This isn’t to say that every film is good or deserves some level of respect. Haters and critics provide a service more important than anyone blindly consuming ever could. However, movies are basically impossible to make. Just ask anyone who’s made one. Each of them has a different, impossibly complicated way of catching lightning in a bottle, then showing it off to everyone and hoping that they don’t just shrug and go back to their lives.
Anyone who commits their life to making films is certifiable, and there are few better examples of this than Werner Herzog. To some audiences, Herzog is better known for the “I would like to see the bay-bee” meme from his guest spot on The Mandalorian, but don’t be fooled, he’s also one of the most critically acclaimed and respected directors in European cinema. Many of those films were made in collaboration with the actor Klaus Kinski, quite possibly the only man alive at the time who could match his freak.
The cornucopia or riches they created speak for themselves. Aguirre, the Wrath of God; Nosferatu the Vampyre; Woyzeck; Fitzcarraldo; and Cobra Verde, all masterpieces and Herculean tasks in their own way. There isn’t a frame of those films that wasn’t bled over by anyone involved in the film, not least Kinski and Herzog themselves. Anyone who thinks that this was some close friendship, or even a functioning partnership, is profoundly mistsaken however.

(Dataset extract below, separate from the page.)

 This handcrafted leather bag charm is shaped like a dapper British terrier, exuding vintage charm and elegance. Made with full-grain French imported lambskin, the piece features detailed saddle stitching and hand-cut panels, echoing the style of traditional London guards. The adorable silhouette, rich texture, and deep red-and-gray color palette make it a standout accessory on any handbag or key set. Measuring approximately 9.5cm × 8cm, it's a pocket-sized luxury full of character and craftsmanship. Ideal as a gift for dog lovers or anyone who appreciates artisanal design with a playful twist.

If anything, the biggest miracle of those five pictures is that Herzog didn’t kill Kinski with his bare hands.

Why were Kinski and Herzog at each other’s throats?

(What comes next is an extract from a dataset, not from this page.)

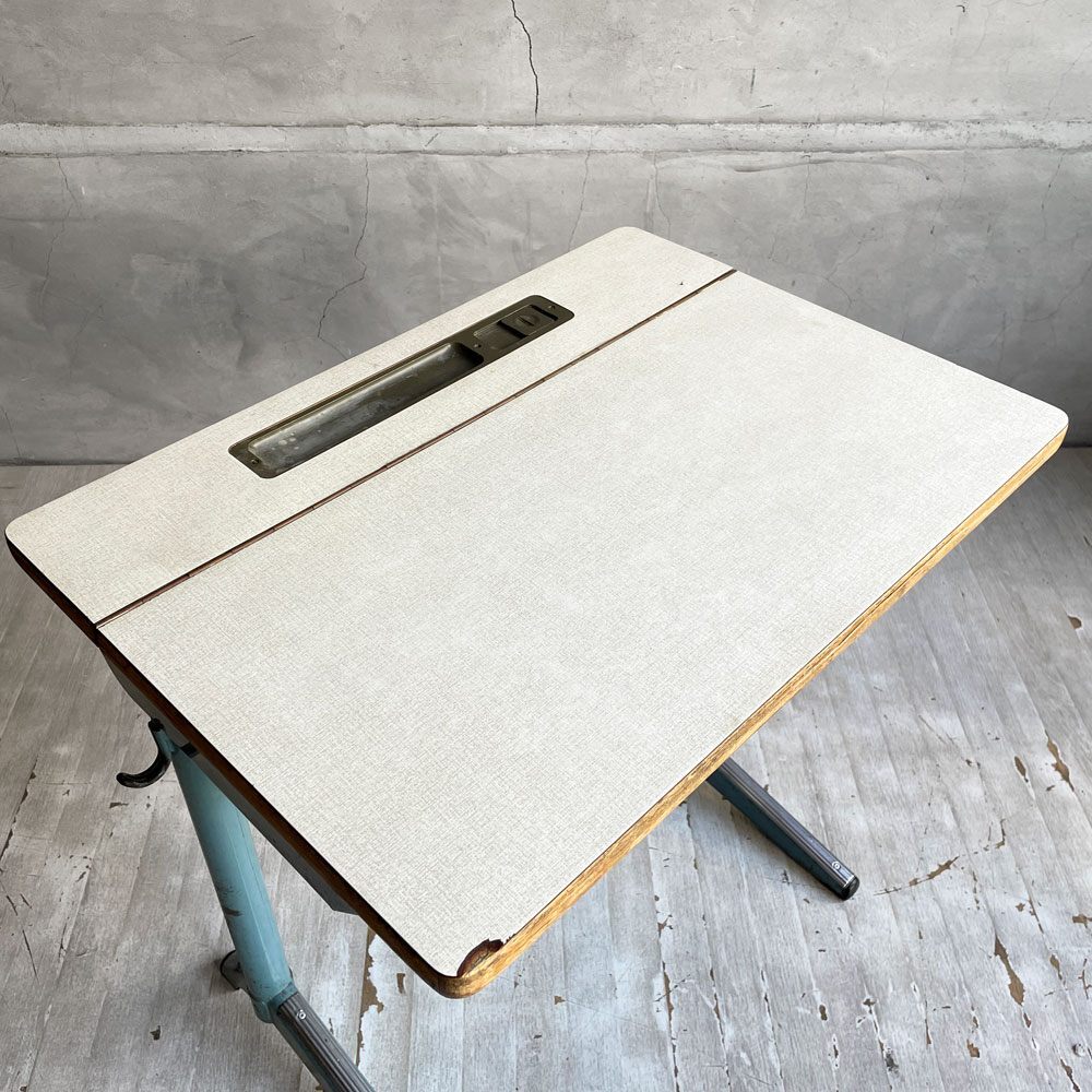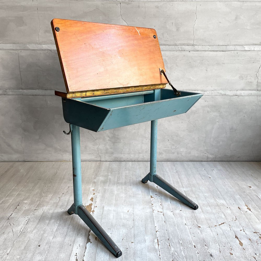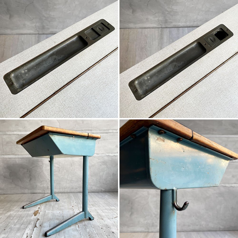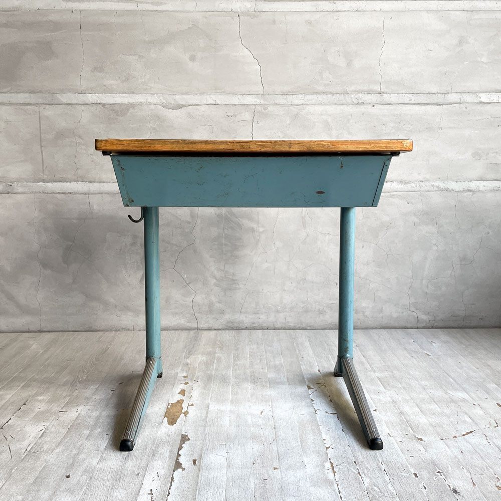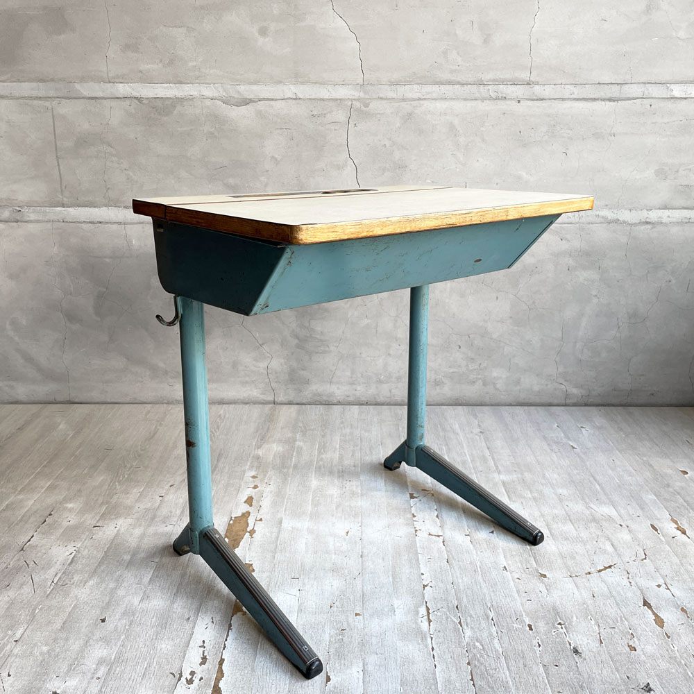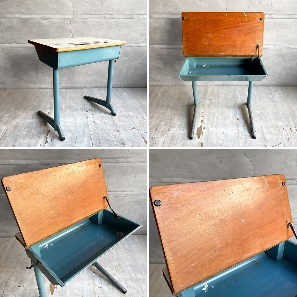 | コメント | 1945年に2兄弟が乳製品工場を改築し設立した"マルコ Marko"社。当時は自転車ペダルを製造していましたが、1950年初頭から家具や学校製品も製造し始めました。 2014年にEromes社と合併し、現在はeromesmarko社として多くの学校製品を手掛けています。 今回はそんな"マルコ Marko"から、ビンテージのスクールデスクが入荷致しました。 小学生ぐらいが使ってたであろう小振りなサイズ感。実用でもオブジェとしてもおすすめなアイテムです。 天板にはスライド式のインク瓶収納が付いており、万年筆やインクで絵を描く方にもオススメです。 また、天板は開閉式になっており、机内に書類や文房具などが収納可能なのでお子様の勉強机にぴったり。 テーブルトップはデコラトップ天板となっており、耐久性や耐水性に優れています。 レトロな風合いが魅力的で独特の風合いを持ちます。 ボディは淡いブルーカラーで、お部屋に溶け込みつつ唯一無二の雰囲気を作ってくれます。 また、経年変化により味わい深くなった風合いは、インダストリアル好きや古学校が好きな方には堪らない仕上がりに。 デスクの左側には荷物を掛けれるフックが付いており、ランドセルや体操着袋などを掛けておく事が出来ます。 脚部は重心が下にあるのでしっかりと安定し、集中して作業に向き合えます。 沢山の子供たちの勉強姿を想像させるスクールデスク。お子様の勉強机として新しい世代へ引継ぐのも素敵な一台です。 ※当ショップは、主にリサイクル品を取り扱っております。基本的にUSED品である事をご理解頂き、ご入札をご検討下さいませ。 |

So, first things first, Kinski’s alleged shameful behaviour wasn’t saved for a movie set. If we’re to believe his daughters, who accused him of sexual abuse following his death, his behaviour while shooting was nothing compared to what allegedly happened at home. So it becomes very easy to believe why Herzog held an intense, vitriolic hatred for Kinski.
Perhaps the director knew, partially, what he was getting into, at least. Herzog’s first exposure to Kinski’s work was seeing a theatrical production where he played Jesus in a one-man show. Kinski broke character to berate the audience for not listening, started swearing at the crowd and then, when someone tried to lead him offstage, started screaming incoherently. That was the guy that Herzog took a look at and thought, “That’s him.”
Kinski took that attitude into the production of Aguirre: The Wrath of God, causing the two grown men to have full-on fistfights about his behaviour. Rumour has it that Herzog made Kinski finish a take at gunpoint comes from this movie, although the truth is that Herzog only verbally threatened to shoot him. Admittedly, it isn’t a whole lot better, and from everything one can read about Kinski’s behaviour, it’s kind of miraculous that he didn’t find a bullet with his lead actor’s name on it.
If you need proof, check out the documentary Herzog made about Kinski eight years after the actor’s passing. Simultaneously, My Best Fiend is a study in what makes a terrible person worth collaborating with, while showing the depths of his behaviour on set. I mean, the poster is Kinski grabbing Herzog by the throat, a terrifying look of murder in his eyes. Yet for whatever reason, Herzog felt that it was worth putting up with.
In fact, it says more about Kinski’s behaviour that Herzog eventually called time on their creative partnership. This was a man who once had his crew drag a 320-tonne steamship up a hill for the sake of filmmaking. Yet eventually, Kinski was the one thing he couldn’t put up with.